* What the task requires *
Produce an exact copy of the first line of the data below and each line after it, please, up to and including the one with "Grocery prices in".

[Items listed in a dataset]
[Start of section]
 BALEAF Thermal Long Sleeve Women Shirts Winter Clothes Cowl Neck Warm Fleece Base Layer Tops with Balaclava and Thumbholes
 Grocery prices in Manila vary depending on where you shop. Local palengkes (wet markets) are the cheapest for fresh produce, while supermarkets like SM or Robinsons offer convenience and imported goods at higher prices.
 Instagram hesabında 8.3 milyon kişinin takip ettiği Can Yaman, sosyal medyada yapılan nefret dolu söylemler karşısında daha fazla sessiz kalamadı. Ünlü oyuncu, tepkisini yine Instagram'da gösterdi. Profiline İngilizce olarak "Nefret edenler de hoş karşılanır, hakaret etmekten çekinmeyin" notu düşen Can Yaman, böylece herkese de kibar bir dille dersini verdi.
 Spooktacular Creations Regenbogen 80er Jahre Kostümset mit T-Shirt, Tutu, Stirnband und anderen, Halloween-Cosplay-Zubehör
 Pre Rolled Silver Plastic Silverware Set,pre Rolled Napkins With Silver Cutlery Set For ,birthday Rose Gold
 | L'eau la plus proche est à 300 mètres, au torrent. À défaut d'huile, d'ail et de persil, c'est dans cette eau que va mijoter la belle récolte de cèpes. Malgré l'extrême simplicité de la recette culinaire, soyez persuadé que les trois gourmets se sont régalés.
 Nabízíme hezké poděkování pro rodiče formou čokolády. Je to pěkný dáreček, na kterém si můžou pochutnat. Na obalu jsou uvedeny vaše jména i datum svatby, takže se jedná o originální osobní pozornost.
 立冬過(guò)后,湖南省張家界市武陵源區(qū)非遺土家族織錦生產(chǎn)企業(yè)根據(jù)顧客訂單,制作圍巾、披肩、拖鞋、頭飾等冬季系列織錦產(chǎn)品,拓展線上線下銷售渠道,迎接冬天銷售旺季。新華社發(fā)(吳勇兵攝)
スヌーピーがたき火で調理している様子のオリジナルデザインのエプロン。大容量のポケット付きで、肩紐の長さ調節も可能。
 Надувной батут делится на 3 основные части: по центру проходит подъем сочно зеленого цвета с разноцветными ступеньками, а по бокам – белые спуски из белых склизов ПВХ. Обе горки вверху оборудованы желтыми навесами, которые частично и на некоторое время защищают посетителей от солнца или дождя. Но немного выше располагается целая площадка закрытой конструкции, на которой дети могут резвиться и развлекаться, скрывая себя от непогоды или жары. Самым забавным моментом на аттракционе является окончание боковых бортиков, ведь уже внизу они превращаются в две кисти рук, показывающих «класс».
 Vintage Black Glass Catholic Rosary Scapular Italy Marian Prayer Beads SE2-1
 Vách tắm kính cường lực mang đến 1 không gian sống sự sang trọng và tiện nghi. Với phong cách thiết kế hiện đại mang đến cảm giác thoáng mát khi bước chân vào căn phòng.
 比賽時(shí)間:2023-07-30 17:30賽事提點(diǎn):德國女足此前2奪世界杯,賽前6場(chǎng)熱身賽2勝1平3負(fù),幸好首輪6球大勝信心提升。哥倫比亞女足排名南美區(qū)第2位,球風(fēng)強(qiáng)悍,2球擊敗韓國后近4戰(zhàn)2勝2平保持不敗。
[End of section]
* The answer *
 BALEAF Thermal Long Sleeve Women Shirts Winter Clothes Cowl Neck Warm Fleece Base Layer Tops with Balaclava and Thumbholes
 Grocery prices in Manila vary depending on where you shop. Local palengkes (wet markets) are the cheapest for fresh produce, while supermarkets like SM or Robinsons offer convenience and imported goods at higher prices.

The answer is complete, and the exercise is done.